A guarda de tal segredo me tornava mais responsável e quase adulto. A cada um de seus goles, eu crescia.
- Mas como é que acaba a história, pai?
- Que história?
- A que estava contando.
- Refere-se à Branca de Neve?
- Essa o senhor já contou, mas pode contar outra vez.
- Bem, o Lobo Mau andava por aquela floresta, de olho nela. Seguia a menina por toda parte, o malvado.
- Pai, esse lobo era o mesmo que comeu a avozinha do Chapeuzinho Vermelho? - estranhei. Meu pai hesitou, reconhecendo que cometera um engano.
- Primo dele.
- Mas a inimiga da Branca de Neve não era bruxa? - lembrei.
Meu pai virou a garrafa.
- Certamente. Diabo de bruxa.
- E o quê o lobo faz nessa história?
Pergunta direta, exigia resposta.
- Ele ia passando pela floresta, como quem não quer nada, quando viu a Branca de Neve e os cinco anões brincando de amarelinha.
- Sete anões, pai - corrigi.
- No momento eram cinco. Dois estavam em casa com gripe porque tinham tomado muito sorvete. Mas o Lobo se deu mal porque o Pequeno Polegar estava por perto e deu cabo dele usando um estilingue. Dias mais tarde Branca de Neve e o Pequeno Polegar casavam-se - conclui, enfático.
- Ela não casou com um príncipe, pai?
O contador de histórias ia virar novamente a garrafa mas se deteve.
- Um príncipe? Sim. Um príncipe. Mas em segundas núpcias. Coisas da vida.
Foi assim que minha vocação para as letras despertou: ouvindo histórias confusas de alguém que gostava tanto delas quanto do vinho. Ele em breve seria o primeiro a ler minhas redações escolares. Palavra por palavra, mexendo os lábios. Sua aprovação era um largo sorriso, comprido como reticências. Quando meu boletim mostrava más notas, consolava-me revelando que ele nem sempre fora bom aluno. Na verdade fora péssimo, nem chegara a terminar o ginasial.

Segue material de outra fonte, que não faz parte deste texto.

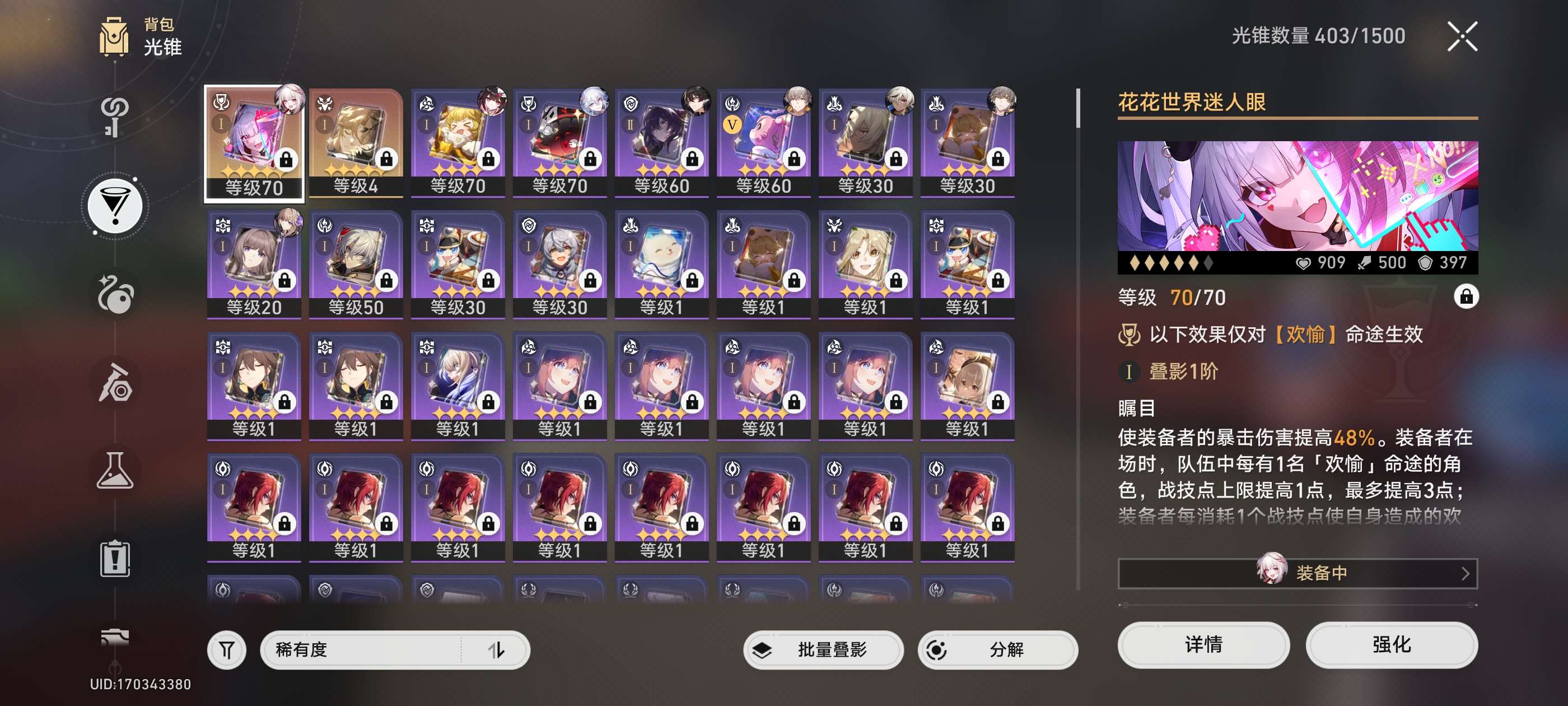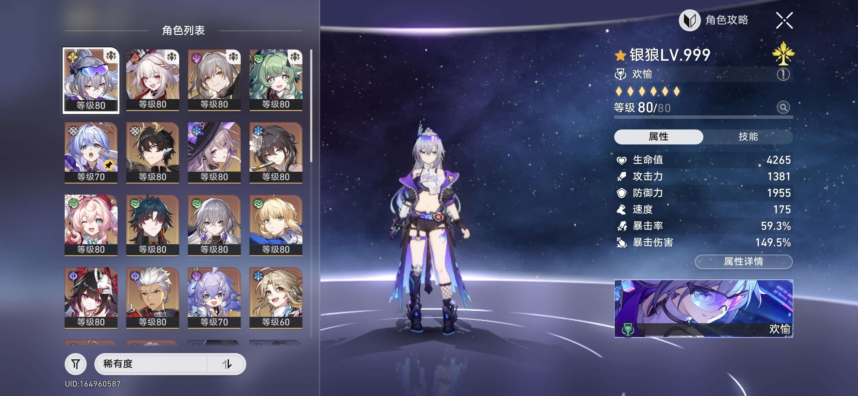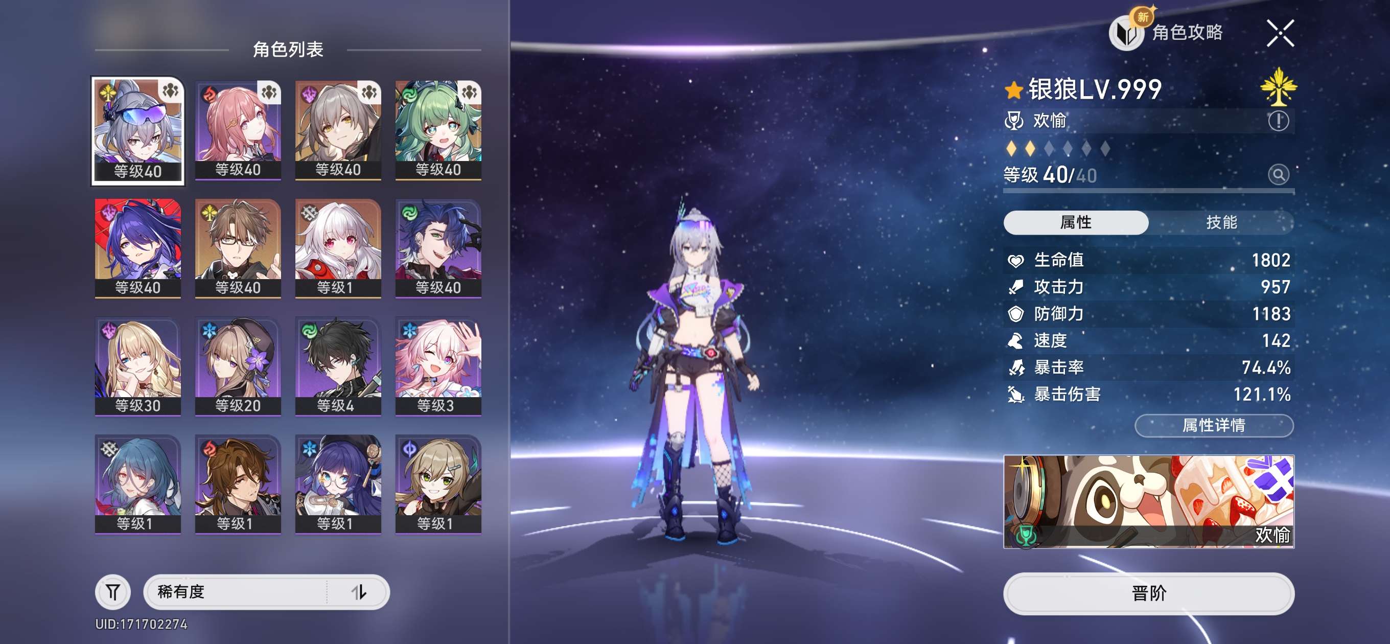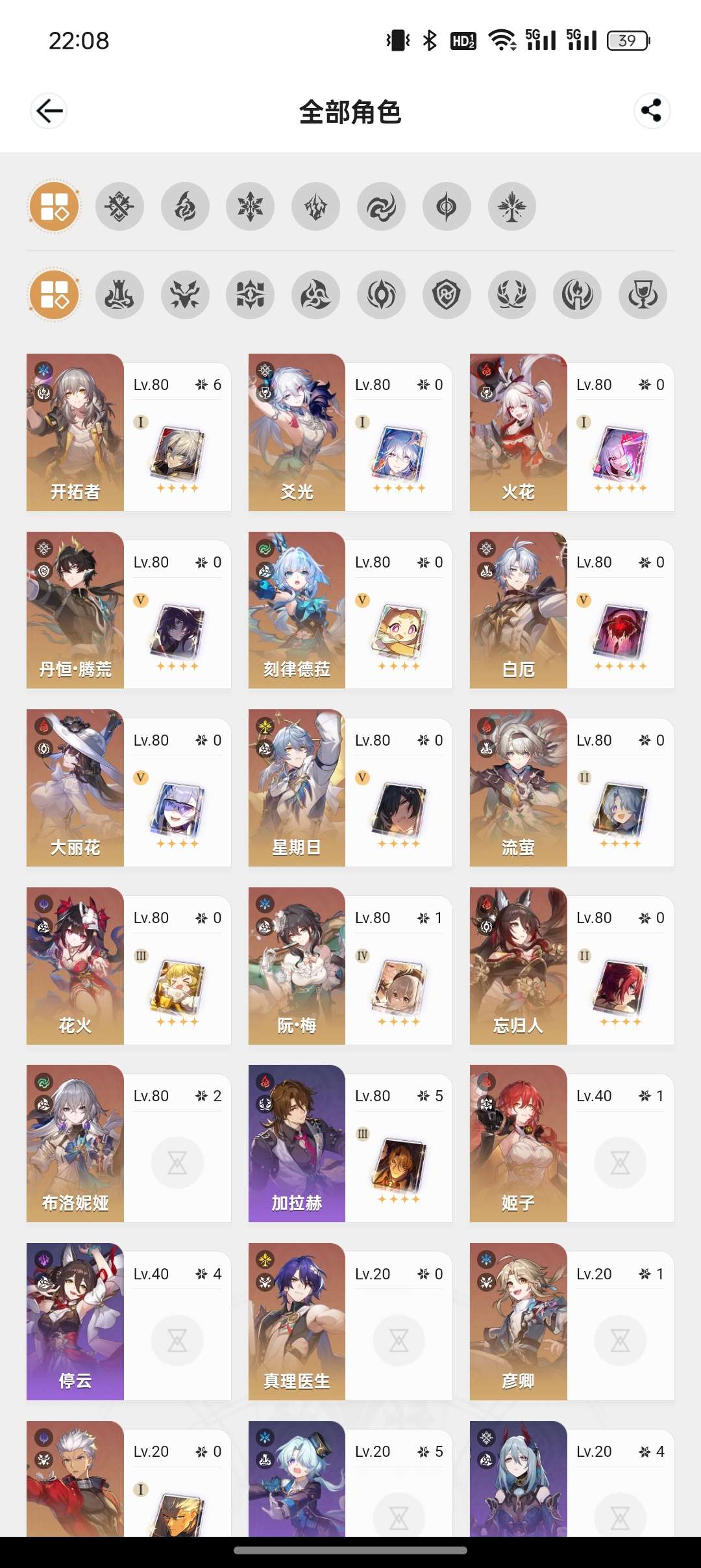 银狼LV999,火花+专武,爻光,花火,丹恒腾荒,罗刹,克拉拉,白露,开拓等级56级武器池已垫54抽

Além de gostar de vinho, meu pai gostava também de ler, vício adquirido no exercício da profissão de gráfico. Quando sobrava dinheiro, comprava livros. De um em um formara uma biblioteca de algumas centenas de volumes. Alguns nomes de escritores famosos li pela primeira vez naquelas lombadas. Machado de Assis, Eça de Queirós, Anatole France, Emile Zola, Oscar Wilde, um montão. Um dia me disse que ler era a melhor coisa que fazia na vida.
- A leitura me faz voar.
- Voar?
- Voar. Infelizmente nunca pude viajar além de Campinas, mas nas asas de um livro viajo. Conheci o mundo, virando páginas. É mais cômodo. E não é preciso carregar malas, entendeu?

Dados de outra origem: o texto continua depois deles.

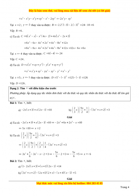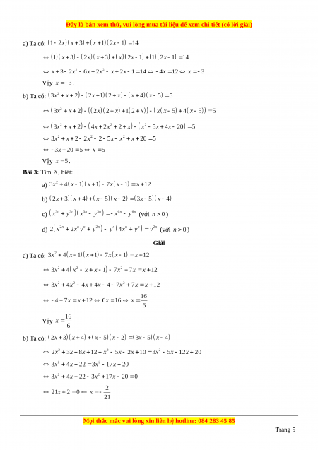 Phương pháp: Áp dụng quy tắc nhân đơn thức với đa thức và quy tắc nhân đa thức với đa thức để tìm giá trị . Bài 1: Tìm , biết: a) b) Giải a) Ta có: b) Ta có: Bài 2: Tìm , biết: a) b) Giải
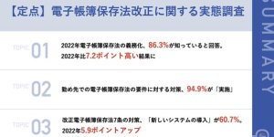 【2022年改正 電子帳簿保存法の対応状況を定点調査】電子帳簿保存法の義務化について、86.3%が「認知」2022年比7.2ポイントアップ 〜対策は、「新しいシステムの導入」が60.7%で最多、昨年比5.9ポイント上昇〜 … 続きを読む 【リサーチ】電子帳簿保存法改正に関する実態調査

Havia de fato um certo ar de sabedoria nele que não se percebe em qualquer pessoa. Lembro de ter me desafiado:
- Pergunte-me qualquer coisa sobre a China, que respondo.
Quando entrei para a universidade, comemorando, ele convidou-me para uma pizza com vinho. Certamente não no fundo do quintal. Era uma bela e ruidosa pizzaria. Eu merecia.
- Hoje vai vinho estrangeiro.
- É muito caro, pai.
- E daí?
Estava feliz com meu ingresso. Muito mesmo.
- As histórias e lendas que me contou de alguma forma me ajudaram a passar nos exames, pai. Senti mais chão sob meus pés.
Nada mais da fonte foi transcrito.